Ama Japonya gibi bir adada yaşıyorsan, mecbursun jeofizik ve deprem araştırmalarında lider olmaya... Mecbursun çok iyi klima sistemleri üretmeye... demiryolu taşımacılığı ve tren teknolojisinde çağ atlamaya... derin vadilerden viyadüklerle yol geçirmeye... 127 milyon insanı doyurabilmek için “ne bulursan” yemeye, tarım teknolojileri geliştirmeye... ülkeyi sırılsıklam eden tayfunlara karşı çok iyi bir kanalizasyon sistemi kurmaya... Ve o kadar insanın daracık bir alanda hırgür çıkmadan yaşayabilmesi için, karşındakine saygı göstermeyi toplumsal prensip haline getirmeye mecbursun!

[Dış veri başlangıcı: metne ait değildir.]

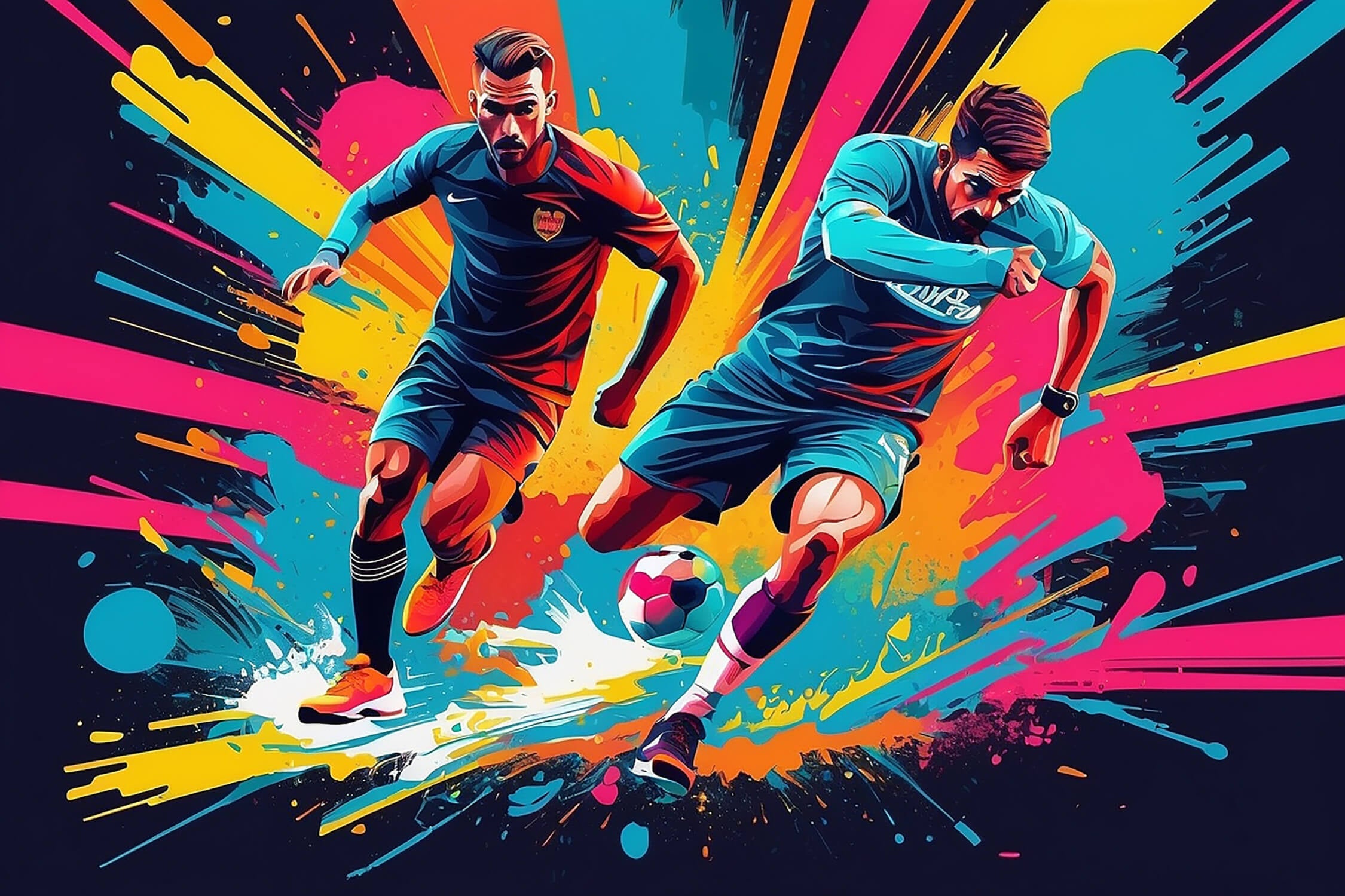 Cette fresque murale de papier peint football déborde d'énergie électrique grâce à son style vibrant d'art de rue. Des figures dynamiques en mouvement sont représentées en turquoise et orange audacieux sur un fond explosif de taches de peinture jaune, rose et bleue. Le papier peint graffiti sportif capture l'intensité brute du beau jeu à travers une esthétique urbaine contemporaine, créant un impact visuel puissant qui capte l'attention.

Japonya, yüzölçümü Türkiye’nin yarısı kadar olan büyükçe bir ülkedir. Ne var ki Japonya’nın, özellikle kendi vatandaşları arasında, “küçücük bir ülke” imgesi yaygındır. Bir Japonla coğrafi bir tartışmaya girdiğinizde size ufacık bir adada yaşadığını söyleyecektir. Bir İngilizden ise hiçbir zaman böyle bir yorum duymazsınız; gel gör ki, Japonya İngiltere’den daha büyük bir ülkedir. Ne zaman bu coğrafi gerçeği bir Japona anlatsam bana inanmaz; onun kafasında Japonya küçücük bir ülkedir.
Japon adalarının yüzölçümlerinin % 90’a yakınını dağ ve tepeler oluşturuyor; kalan düzlüklere 127 milyon insanı sığdırmak, bir de üstüne tarım yapmak, sanayi kurmak, futbol sahası açmak olacak iş gibi görünmüyor.